Видно было, что вся семья живет на даче, и приехали сюда только для похорон. Мебель была в чехлах и поставлена как-то кое-как, не совсем по зимнему. Зеркало в простенке было наскоро и неровно прикрыто чем-то белым, – это потому, что в доме быль покойник.
Нина отвела креповую вуаль от лица, побледневшего под летним загаром и даже словно похудевшего от печали, – и смотрела печальными, робкими глазами на седую худощавую женщину, довольно высокого роста, поднявшуюся ей на встречу с дивана.
«Мать», – подумала Нина.
Как-то механически отмечала:
«Седая. Тонкая. Глаза голубые, светлые. Похожа на сына».
Казалось почему-то, что еще на днях эта женщина с заплаканными глазами и отчаянным лицом не была седой, – тщательно зачесывала волосы, и даже, может быть, подкрашивала их, а теперь вдруг разом опустилась и уже забыла о своей внешности, и о растрепавшихся на голове седых космах.
Пригласила сесть. В этой же комнате, у окна, стоял отец, высокий, прямой старик. Стоял в полуоборот к окну, точно и хотел смотреть на гостью, и хотел скрыть от неё выражение печали на гордом старческом лице.
– Вот, – сказала старуха, – смотрю я на вас, вы одна здесь нам незнакомая.
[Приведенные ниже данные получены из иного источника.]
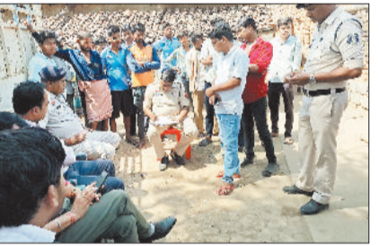
मामले की विवेचना करती पुलिस।
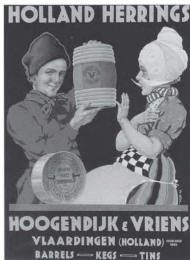
Affiche voor Hollandse haringen, 1930

België in verschillende kampen terecht: België in dat van de Franse Revolutie, Nederland in dat van de Duitse romantiek. Het paradoxale is dat beide landen werden uiteengedreven door hun vereniging, in 1815, in het koninkrijk dat Willem I bestuurde naar het voorbeeld van zijn Pruisische verwanten. (2)
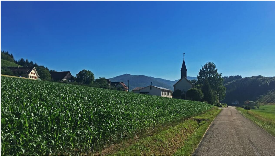
Kapelle Hesselbach
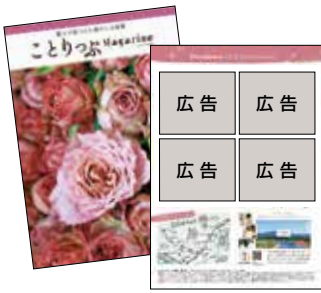
ことりっぴMagazineとよかわ

■ 豊川市観光ガイドマップ 掲載場所 豊川市観光ガイドマップ 掲載枚数 6枚 発行部数 2万部
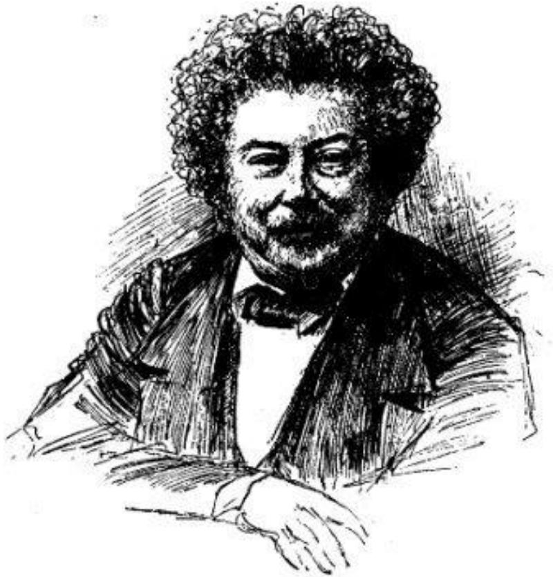
Alexandre Dumas père.

Вот я и думаю, что это вам должно быть письмо от Сереженьки. Вам?
– Не знаю, – сказала Нина. – Как я могу знать?
Старалась не плакать, а слезы опять хлынули из глаз. Заплакала и мать.
– Так это для нас неожиданно, – говорила она. – Ждем Сереженьку к обиду, – он на день в город уехал, – и вдруг… Да, о письма-то я начала. Видите…
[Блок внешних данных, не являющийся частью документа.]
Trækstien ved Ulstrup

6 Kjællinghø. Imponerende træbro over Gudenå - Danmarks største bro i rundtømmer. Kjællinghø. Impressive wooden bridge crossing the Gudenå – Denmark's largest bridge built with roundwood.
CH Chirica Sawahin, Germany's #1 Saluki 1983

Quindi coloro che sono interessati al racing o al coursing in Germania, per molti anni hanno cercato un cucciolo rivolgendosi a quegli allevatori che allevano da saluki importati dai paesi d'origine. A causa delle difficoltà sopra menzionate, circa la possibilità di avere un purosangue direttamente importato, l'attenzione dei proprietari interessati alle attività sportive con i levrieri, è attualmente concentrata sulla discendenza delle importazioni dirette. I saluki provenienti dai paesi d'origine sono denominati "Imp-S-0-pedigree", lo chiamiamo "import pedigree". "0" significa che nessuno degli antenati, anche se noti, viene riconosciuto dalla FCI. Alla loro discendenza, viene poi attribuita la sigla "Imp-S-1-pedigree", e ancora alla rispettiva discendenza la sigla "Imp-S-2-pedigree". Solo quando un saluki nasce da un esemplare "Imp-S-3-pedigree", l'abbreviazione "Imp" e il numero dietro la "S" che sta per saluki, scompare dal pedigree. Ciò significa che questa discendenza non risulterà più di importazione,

Старуха вынула из альбома, лежащего на столе, письмо в узком серо-зелёном конверте, и сказала:
– О ком Сереженька пишет, мы никак не могли догадаться. Но это письмо, – ко мне он письмо оставил, и – вот это письмо вложено, – просит передать молодой барышне, которая у нас не бывала, передать, если она придет на панихиду или на вынос. А узнаете, пишет, по тому, что она в трауре будет и, может быть, поплачет немножко. Ей, пишет, и отдайте. Если же она не придет, сожгите, пишет, не читая. Вот я и думаю, не вам ли письмо.
И, не колеблясь ни минуты, Нина сказала:
– Да, это мне.
Побледнела. Протянула руку за письмом, вся полная страха. Тяжелые ли упреки бросит ей из-за таинственной грани её милый? Слова ли нужной любви и утешения?
Подумала:
«А если придет она, другая?»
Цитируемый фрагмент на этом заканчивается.